* _DATASET RECORDS_:
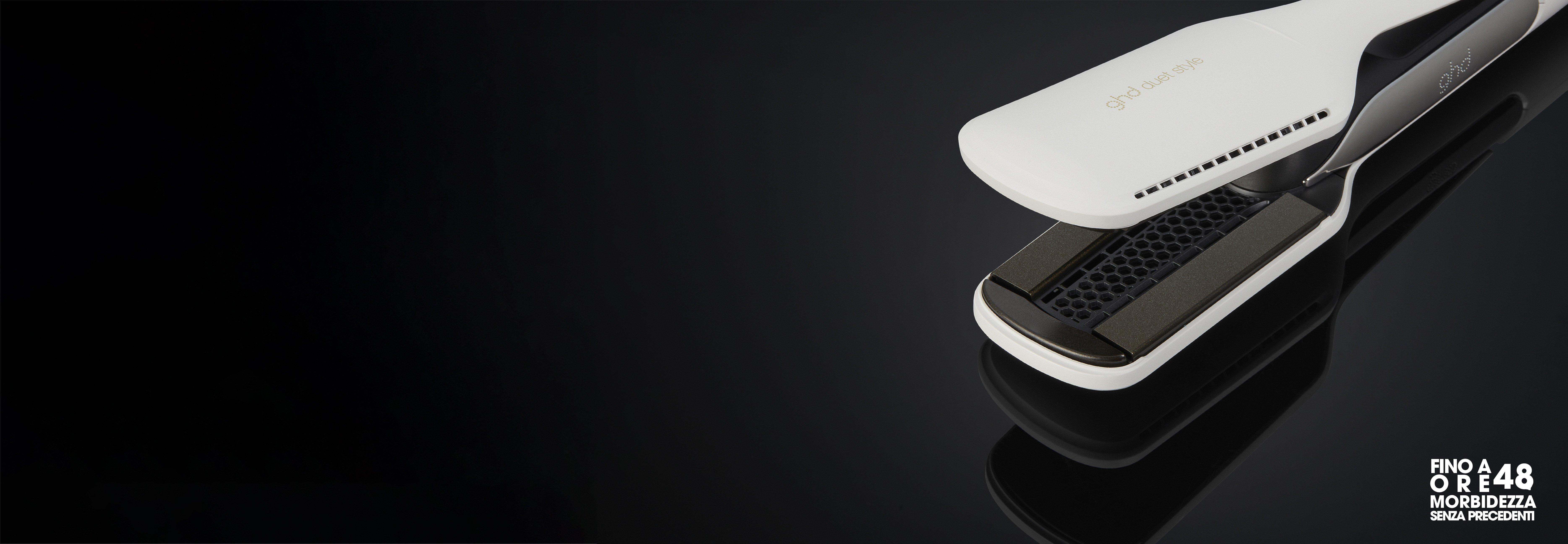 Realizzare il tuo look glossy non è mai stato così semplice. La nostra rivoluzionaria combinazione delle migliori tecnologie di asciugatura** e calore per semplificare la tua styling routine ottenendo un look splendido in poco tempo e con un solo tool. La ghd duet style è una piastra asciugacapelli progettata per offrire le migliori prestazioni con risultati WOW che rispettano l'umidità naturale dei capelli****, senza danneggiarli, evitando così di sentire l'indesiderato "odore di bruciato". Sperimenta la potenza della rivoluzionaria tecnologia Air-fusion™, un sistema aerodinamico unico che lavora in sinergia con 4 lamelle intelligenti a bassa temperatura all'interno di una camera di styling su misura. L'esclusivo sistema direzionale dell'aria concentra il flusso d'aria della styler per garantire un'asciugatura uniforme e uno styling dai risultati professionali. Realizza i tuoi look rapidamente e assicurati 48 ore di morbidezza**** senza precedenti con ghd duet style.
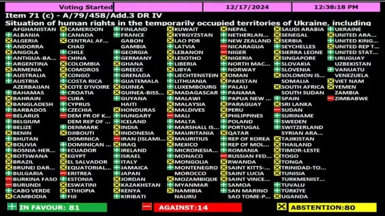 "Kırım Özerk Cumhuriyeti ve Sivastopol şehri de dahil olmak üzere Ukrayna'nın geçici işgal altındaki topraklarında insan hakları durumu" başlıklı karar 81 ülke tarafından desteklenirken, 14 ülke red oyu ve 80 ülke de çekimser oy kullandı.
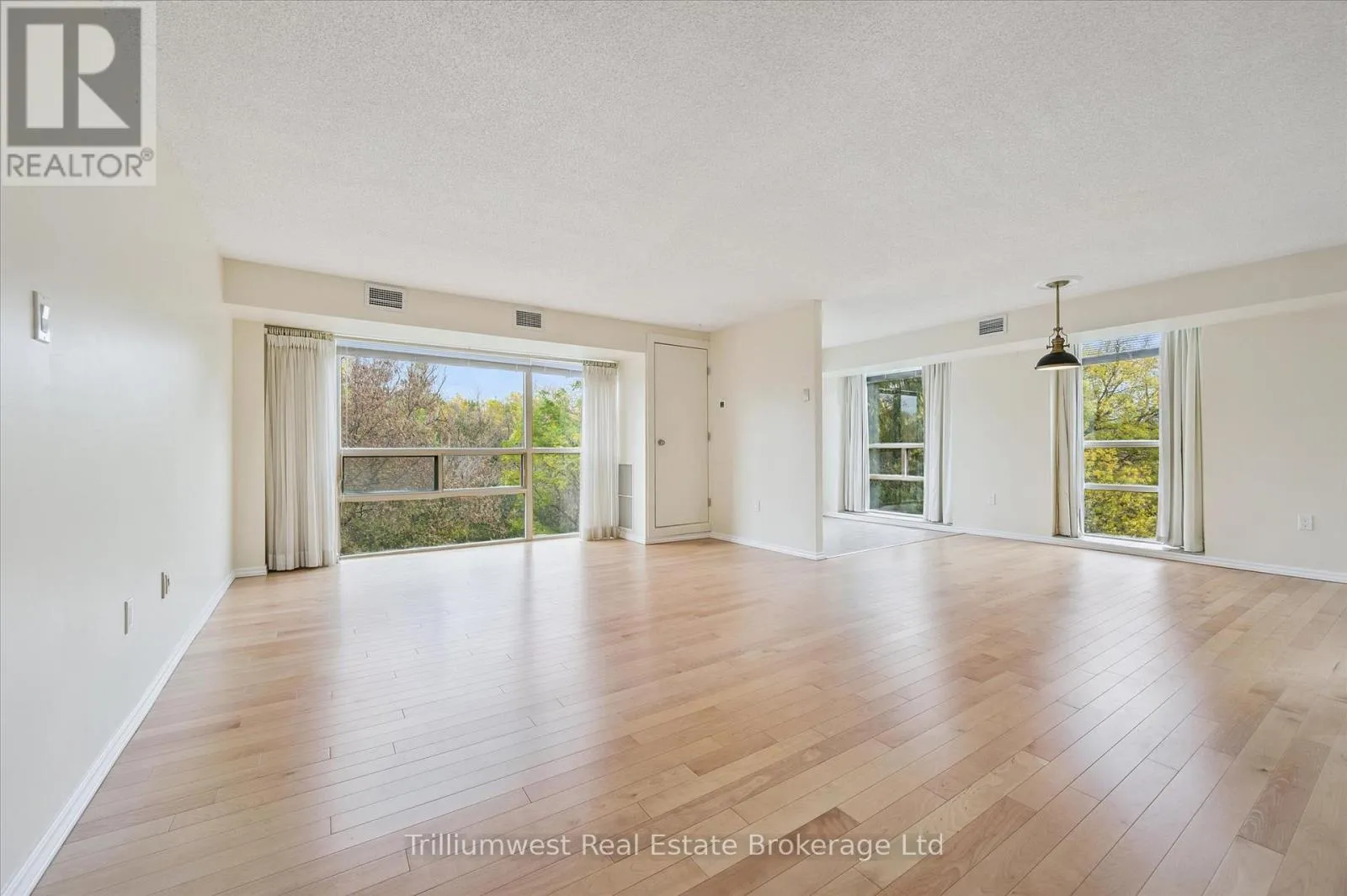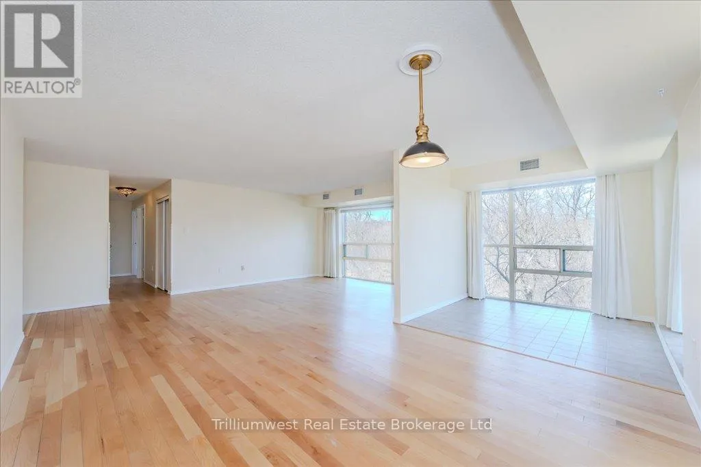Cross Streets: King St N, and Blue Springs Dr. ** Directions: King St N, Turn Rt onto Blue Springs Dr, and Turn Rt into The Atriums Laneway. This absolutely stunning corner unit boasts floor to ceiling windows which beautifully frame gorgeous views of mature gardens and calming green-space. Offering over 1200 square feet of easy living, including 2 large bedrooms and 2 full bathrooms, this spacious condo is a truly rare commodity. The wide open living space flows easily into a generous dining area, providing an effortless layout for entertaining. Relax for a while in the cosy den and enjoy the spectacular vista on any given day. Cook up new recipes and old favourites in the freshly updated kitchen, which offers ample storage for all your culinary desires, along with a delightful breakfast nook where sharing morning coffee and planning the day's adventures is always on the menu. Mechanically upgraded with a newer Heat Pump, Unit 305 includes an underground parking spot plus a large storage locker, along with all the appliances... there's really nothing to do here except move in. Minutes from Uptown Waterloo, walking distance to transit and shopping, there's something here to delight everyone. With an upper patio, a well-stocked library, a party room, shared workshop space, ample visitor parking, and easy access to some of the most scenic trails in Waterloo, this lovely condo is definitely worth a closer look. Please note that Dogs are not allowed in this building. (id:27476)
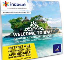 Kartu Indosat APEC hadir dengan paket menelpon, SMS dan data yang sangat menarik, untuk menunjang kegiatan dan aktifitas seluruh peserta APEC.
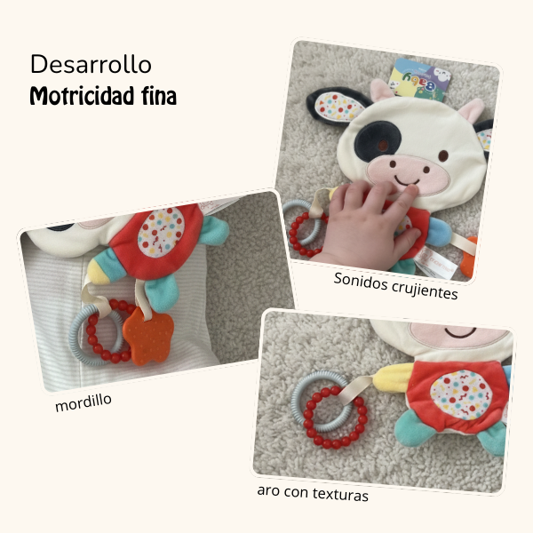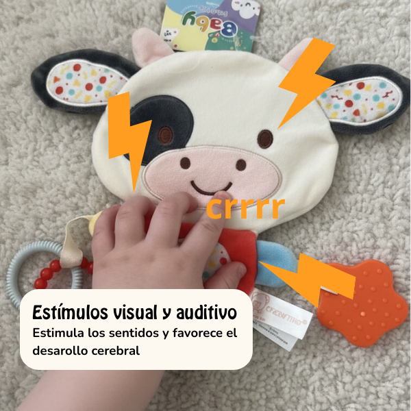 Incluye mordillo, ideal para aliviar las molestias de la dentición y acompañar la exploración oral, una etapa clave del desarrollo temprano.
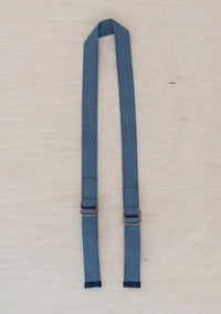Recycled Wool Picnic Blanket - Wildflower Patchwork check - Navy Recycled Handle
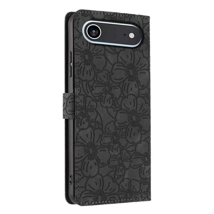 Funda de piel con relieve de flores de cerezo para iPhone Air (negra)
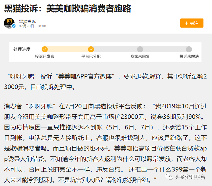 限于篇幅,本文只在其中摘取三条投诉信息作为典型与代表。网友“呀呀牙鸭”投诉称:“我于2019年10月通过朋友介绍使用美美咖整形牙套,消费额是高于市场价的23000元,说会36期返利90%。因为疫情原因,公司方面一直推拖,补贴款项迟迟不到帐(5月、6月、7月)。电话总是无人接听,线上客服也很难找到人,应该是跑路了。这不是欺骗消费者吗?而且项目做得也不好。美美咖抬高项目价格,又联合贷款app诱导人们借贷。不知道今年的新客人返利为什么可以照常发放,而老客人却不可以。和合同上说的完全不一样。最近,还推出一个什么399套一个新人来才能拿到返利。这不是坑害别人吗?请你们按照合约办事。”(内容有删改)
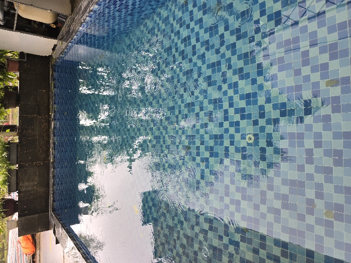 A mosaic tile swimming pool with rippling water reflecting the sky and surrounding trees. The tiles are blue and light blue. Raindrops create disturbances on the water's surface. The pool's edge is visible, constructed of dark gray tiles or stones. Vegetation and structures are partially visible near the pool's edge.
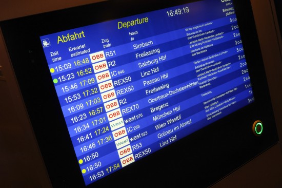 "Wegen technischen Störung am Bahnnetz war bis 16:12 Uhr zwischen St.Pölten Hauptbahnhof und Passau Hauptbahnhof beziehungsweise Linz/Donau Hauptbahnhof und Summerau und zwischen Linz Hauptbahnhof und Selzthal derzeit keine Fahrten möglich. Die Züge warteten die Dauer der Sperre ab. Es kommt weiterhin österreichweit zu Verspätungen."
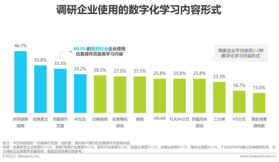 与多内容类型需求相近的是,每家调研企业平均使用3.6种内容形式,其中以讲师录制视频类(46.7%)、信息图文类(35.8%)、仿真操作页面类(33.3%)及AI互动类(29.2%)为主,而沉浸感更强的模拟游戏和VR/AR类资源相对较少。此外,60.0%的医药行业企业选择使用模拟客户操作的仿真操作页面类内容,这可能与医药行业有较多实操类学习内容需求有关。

* _PROBLEM TO SOLVE_:
Only the lines from the one containing "A mosaic tile" through the last line of the entries, both included, should be repeated exactly, and the pictures should be left out.

* _RESPONSE TO THIS TASK_:
 A mosaic tile swimming pool with rippling water reflecting the sky and surrounding trees. The tiles are blue and light blue. Raindrops create disturbances on the water's surface. The pool's edge is visible, constructed of dark gray tiles or stones. Vegetation and structures are partially visible near the pool's edge.
 "Wegen technischen Störung am Bahnnetz war bis 16:12 Uhr zwischen St.Pölten Hauptbahnhof und Passau Hauptbahnhof beziehungsweise Linz/Donau Hauptbahnhof und Summerau und zwischen Linz Hauptbahnhof und Selzthal derzeit keine Fahrten möglich. Die Züge warteten die Dauer der Sperre ab. Es kommt weiterhin österreichweit zu Verspätungen."
 与多内容类型需求相近的是,每家调研企业平均使用3.6种内容形式,其中以讲师录制视频类(46.7%)、信息图文类(35.8%)、仿真操作页面类(33.3%)及AI互动类(29.2%)为主,而沉浸感更强的模拟游戏和VR/AR类资源相对较少。此外,60.0%的医药行业企业选择使用模拟客户操作的仿真操作页面类内容,这可能与医药行业有较多实操类学习内容需求有关。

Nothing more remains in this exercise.